Being an admirer of the talented, too, fails to lend one a luck guarantee, or a share in talent.

Fans of Lewis Carroll's work--and there are many, even if they haven't read his books--may find themselves in an unfortunate position when confronted with allegations of the writer's pedophilia, realized or fantasized. There's no evidence Charles Lutwidge Dodgson, an Anglican reverend and author of Alice in Wonderland, sexually assaulted Alice Liddell, but both Dodgson/Carroll's legacy and fans of his work have been left with a decidedly untalented question-mark on the subject. Pieces of Dodgson's personal journal are missing--destroyed--and it is said that the author exchanged bits of his opus with 10 year old Liddell for the chance to take nude pictures of the girl.

Quid pro quo, Alice.

Speaking of Alice, Walt Disney, the man who brought her story to a wider audience, was a misogynist anti-Semite.

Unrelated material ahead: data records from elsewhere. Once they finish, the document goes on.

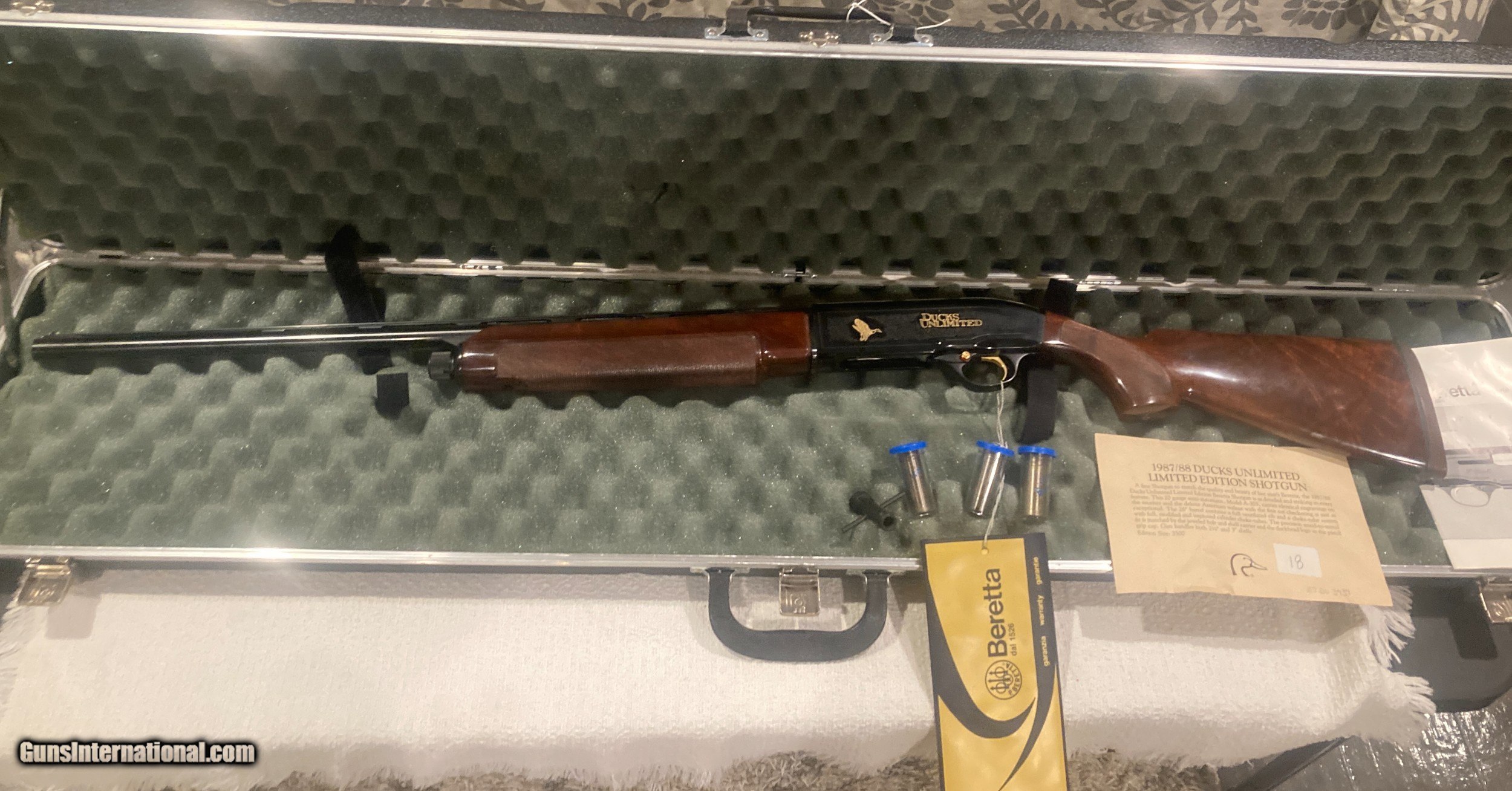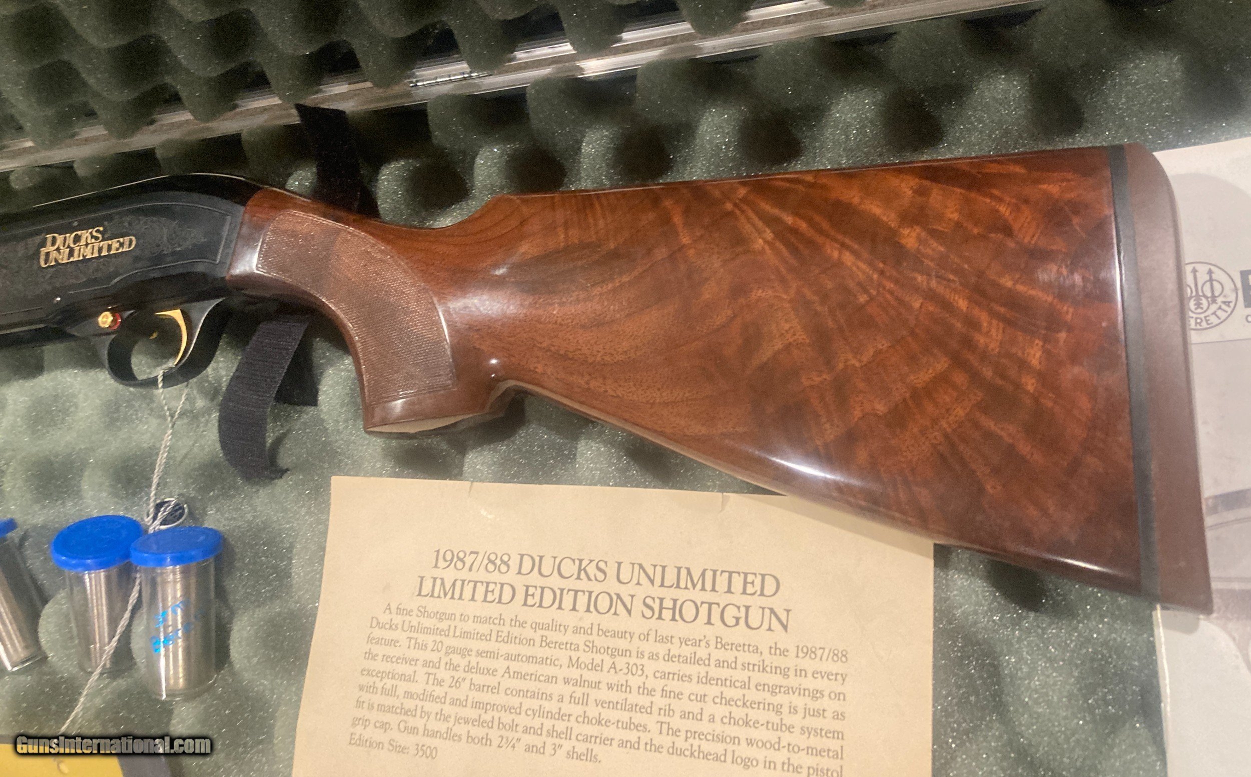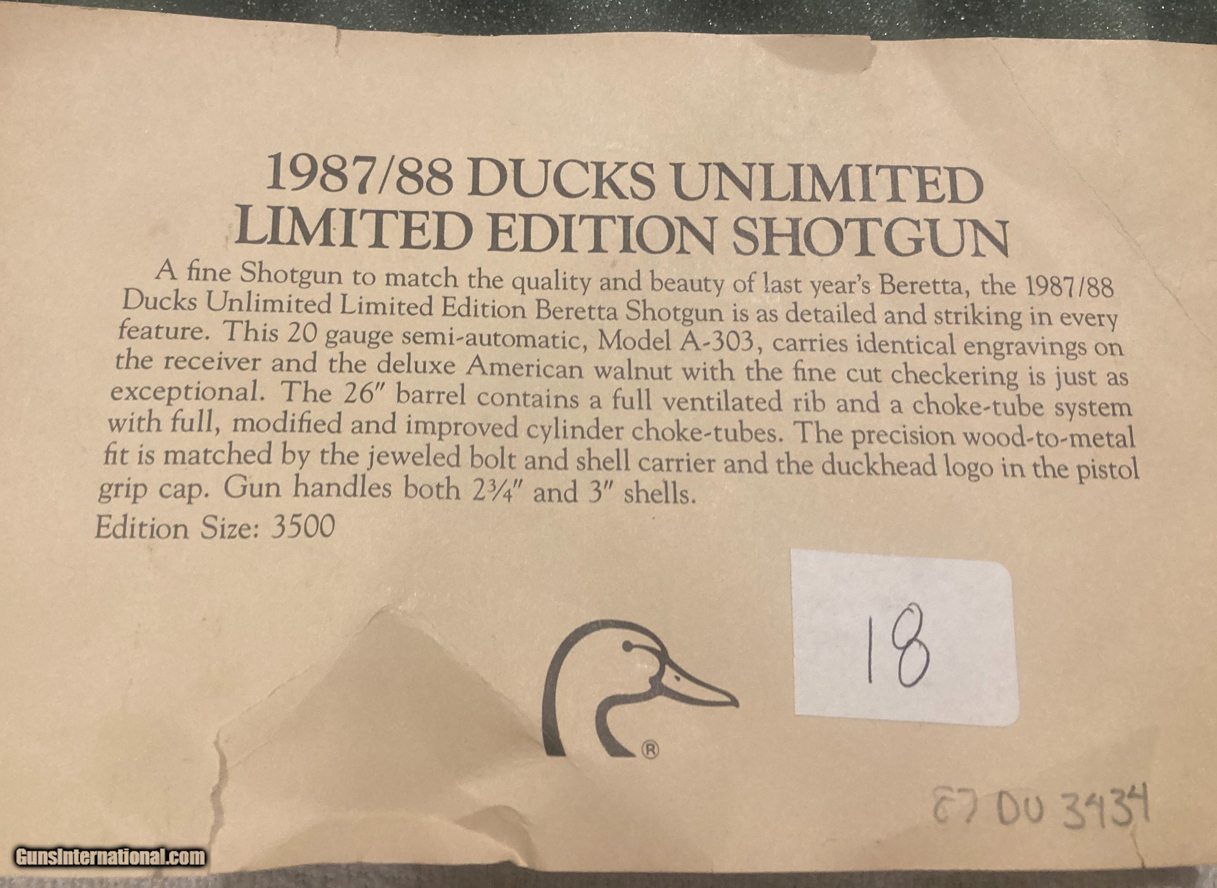 Description: up for sale 1987 ducks unlimited shotgun of the year Beretta A 303 20 ga 26 " barrel unfired comes in original case, three choke tubes and all paper work great wood serial number 87 DU 3434 $1,650 shipped and insured thanks for looking Mike 816-616-5942 SOLD Shotgun Gauge: 20 Gauge Manufacturer: Beretta Model: A 303 Serial Number: 87 DU 3434 Barrel Length: 26 Condition: 100% Metal Condition: 100% |
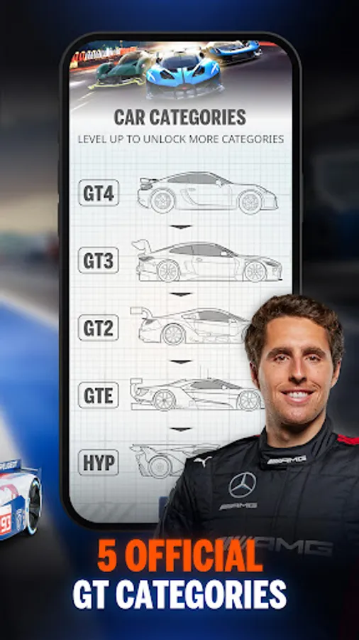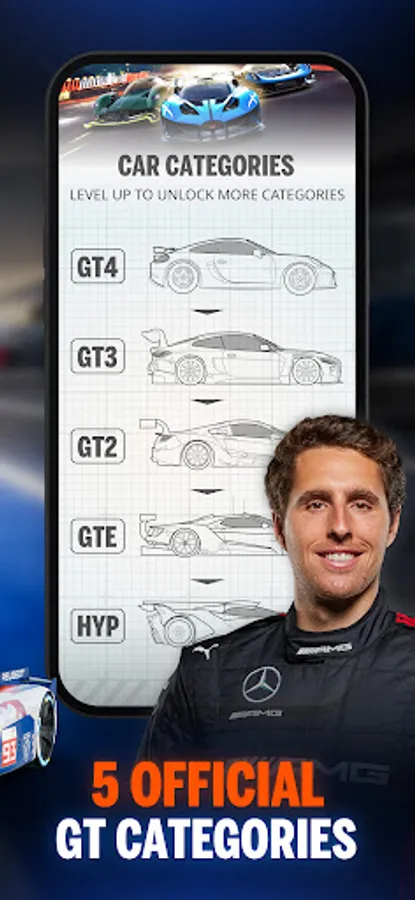 Acquire cars from the official FIA GT4, GT3, GT2 and GTE categories like Porsche, Mercedes, McLaren, Nissan, or BMW cars. Take your team to the next level and reach the HYPERCAR category featuring the Aston Martin Valkyrie AMR Pro, the Bugatti Bolide and the Peugeot 9X8!
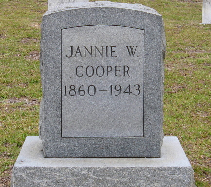 Jannie B Watts Cooper was born about 1860, in South Carolina, the daughter of Daniel W. Watts and Jane Elizabeth Grooms.
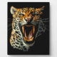 Fierce Powerful Leopard Roaring attack portrait close up with long fangs. Original vector illustration isolated on white Copyright BluedarkArt TheChameleonArt.
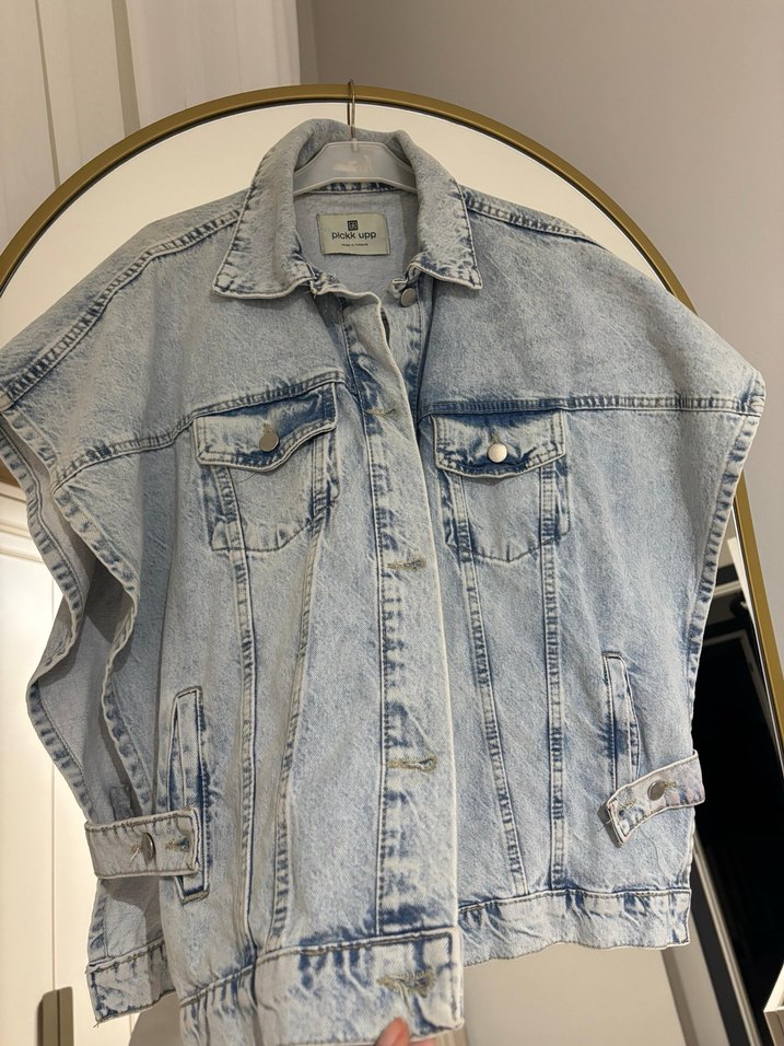 Gri tonlarda batik desenli, düğmeli ve kolsuz bol kesim denim ceket. Normal boyda, sokak tarzı ve günlük kullanıma uygun.
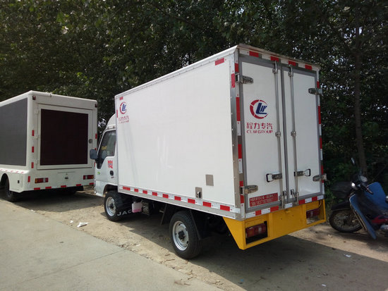 冷藏車廂體:采用國標A級聚氨酯保溫材料,厚度為8厘米,廂體內外采用玻璃鋼材質全包裹。不銹鋼鎖件。包角、包邊鋁合金型材。底盤采用高強度花紋鋁板定制。可選裝肉鉤導軌,和底部通風槽
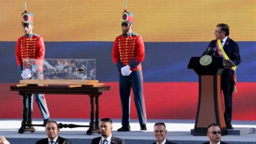 El flamante mandatario juró a las 15.19 (las 17.19 en la Argentina) ante los presidentes del Senado y luego le colocó la banda presidencial la senadora María José Pizarro, hija de Carlos Pizarro, compañero del mandatario en la guerrilla del M-19 y asesinado en 1990, cuando era candidato a la Presidencia.
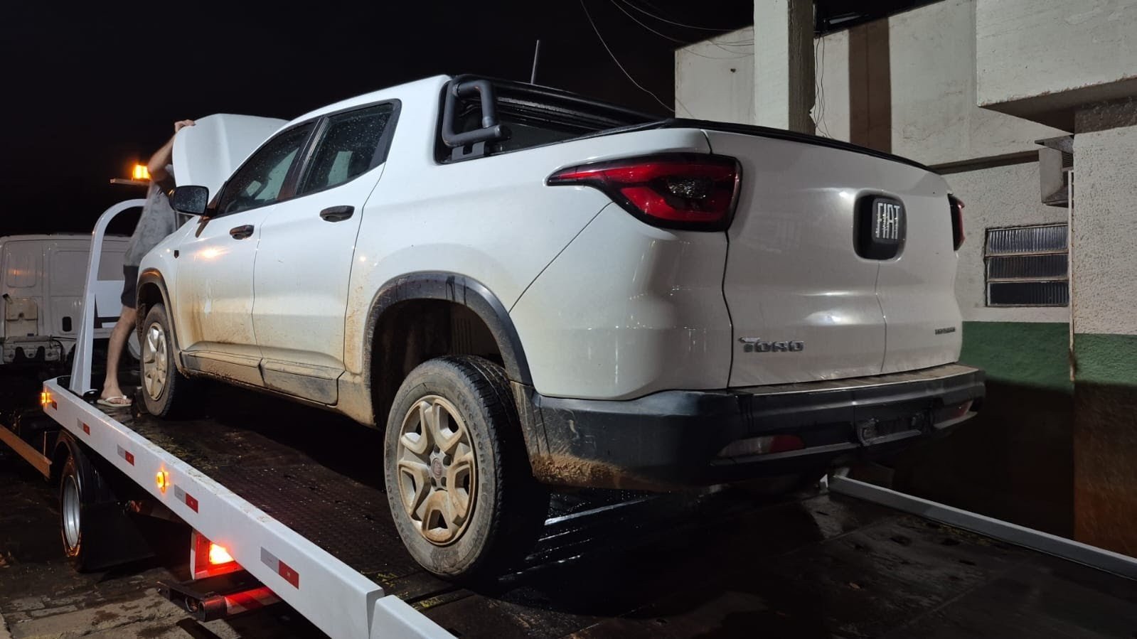 O Fiat Toro foi removido para o pátio credenciado do Detran.
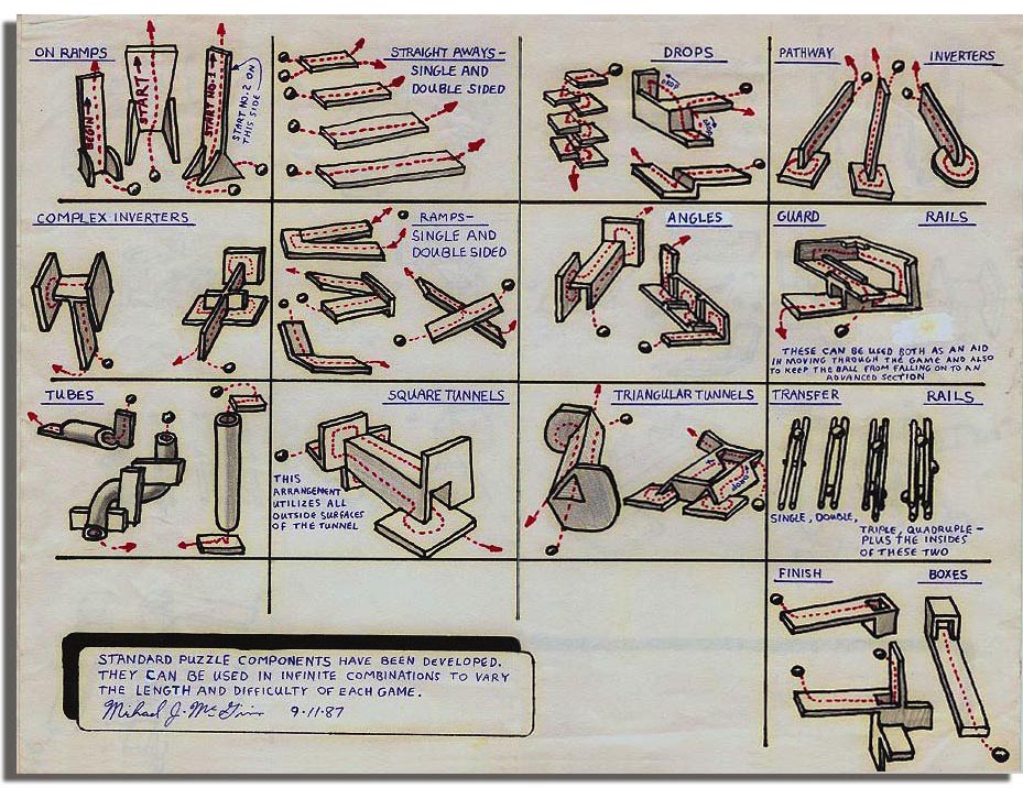 Thinking again about component pieces, I finally began to define the basic elements: on ramps, straight-aways, drops, pathway inverters, complex inverters, single and double sided ramps, angles, guard rails, tunnels and tubes, transfer rails, and finish boxes. One could even design a game with multiple pathways; for beginner, intermediate, and expert. Injection molded plastic parts could be cemented together. It occurred to me that, “a box is easier to handle and store than a sphere”. (Looking back, I can now see how the cube informed rectangular and straight designs, and the sphere, which is more difficult to design into, informs arcs and circles.)
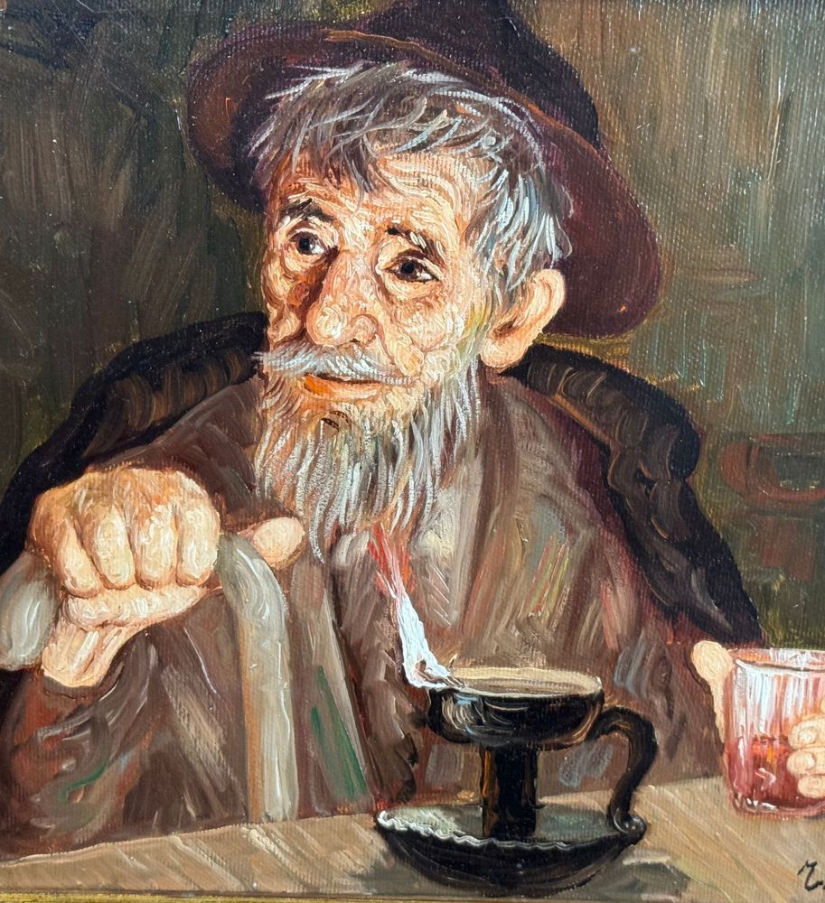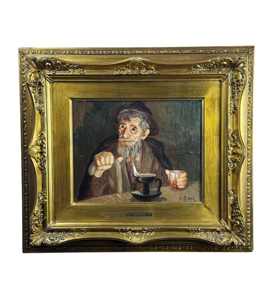 Dipinto olio su tela, periodo XX secolo scuola Italiana, raffigurante Ritratto di anziano. Dimensioni interno cornice: 24x30 cm. Reca firma in basso a destra da Tulio Grassi (1946). Opera in buone condizioni.
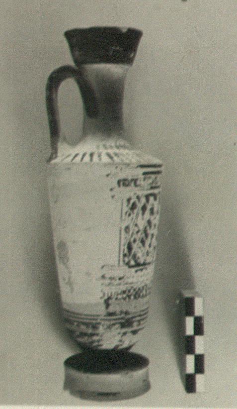 | Description: | Pattern across front in black glaze. Broad latticed band, above which stripes and a maeander, stripes, grill work. Cf. P 10339, Beldam Painter. | |
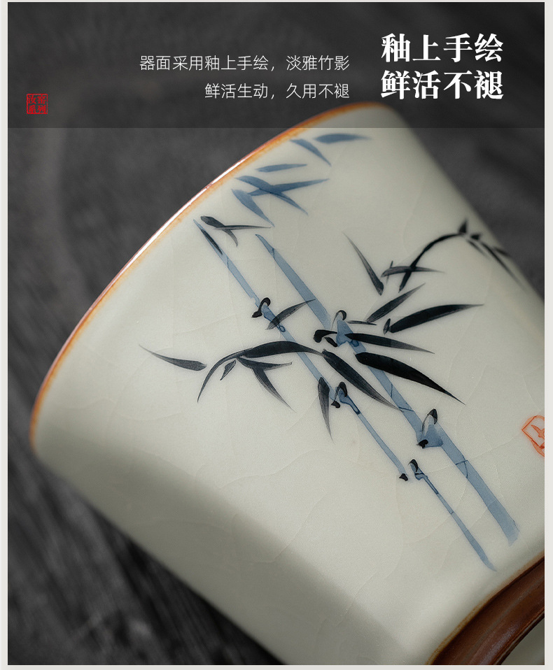 手绘竹韵黄汝-四方杯(简装) ¥3000 999个可售
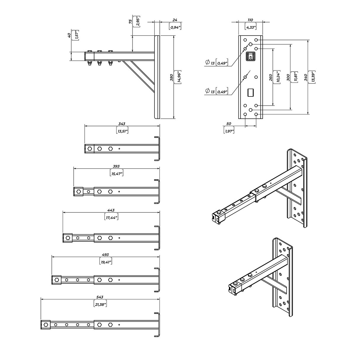 The WBM-500 is a universal wall mounted horizontal distance beam with M10 mounting points for U-brackets etc.
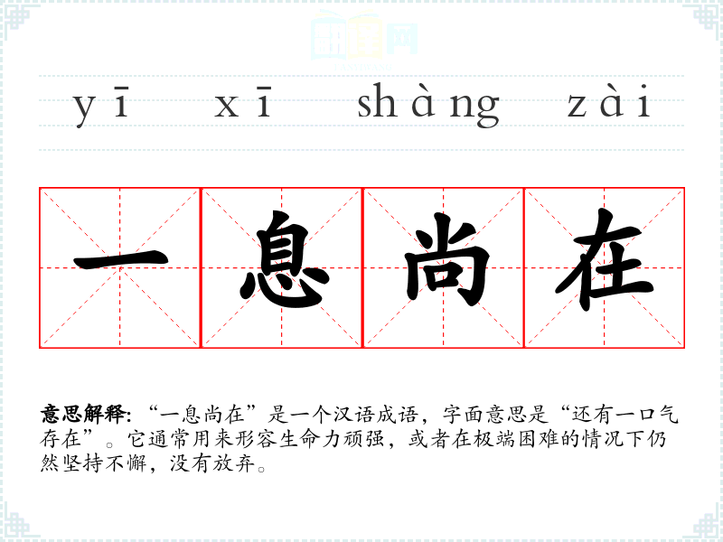 “一息尚在”是一个汉语成语,字面意思是“还有一口气存在”。它通常用来形容生命力顽强,或者在极端困难的情况下仍然坚持不懈,没有放弃。

As the company he founded has in years since attempted to make amends for its founder's rather unsavory views of life, liberty and the pursuit of happiness, it may seem incongruous to point this out except the company recently released a revisionist history of their founder, Saving Mr. Banks, which pushes a lot of bullshit at a lot of unlucky audiences about a very lucky, very talented man.

Someone else who disliked women and liked Nazis was Henry Ford. Ford won the highest honor afforded to persons not of German origin, the Grand Cross of the German Eagle. It is said he refused the honor, but Ford cars sold during Ford's lucky, talented life came equipped with a free copy of The International Jew, a collection of articles penned by Ford for the Dearborn Independent detailing for unlucky fans of Ford the many ways Jews were ruining the world.

Shout out here to Elsa Iwanowa. She brought a suit against Ford Motor Company some years back because, she claimed, she was forced as a child during WWII to work in a Ford factory. Forced labor. Enjoy your Ford Toughness, Ford fans.

Thomas Jefferson. Richard Wagner. Norman Mailer. Leni Riefenstahl. J.D. Salinger. Dostoevsky. Mishima. Vonnegut. Maria von Trapp. Messy lives. Talented, lucky. Talented, unlucky. To respect them is to lose a piece of one's soul, is to compromise one's own personal worldview shaped, in part, by their art.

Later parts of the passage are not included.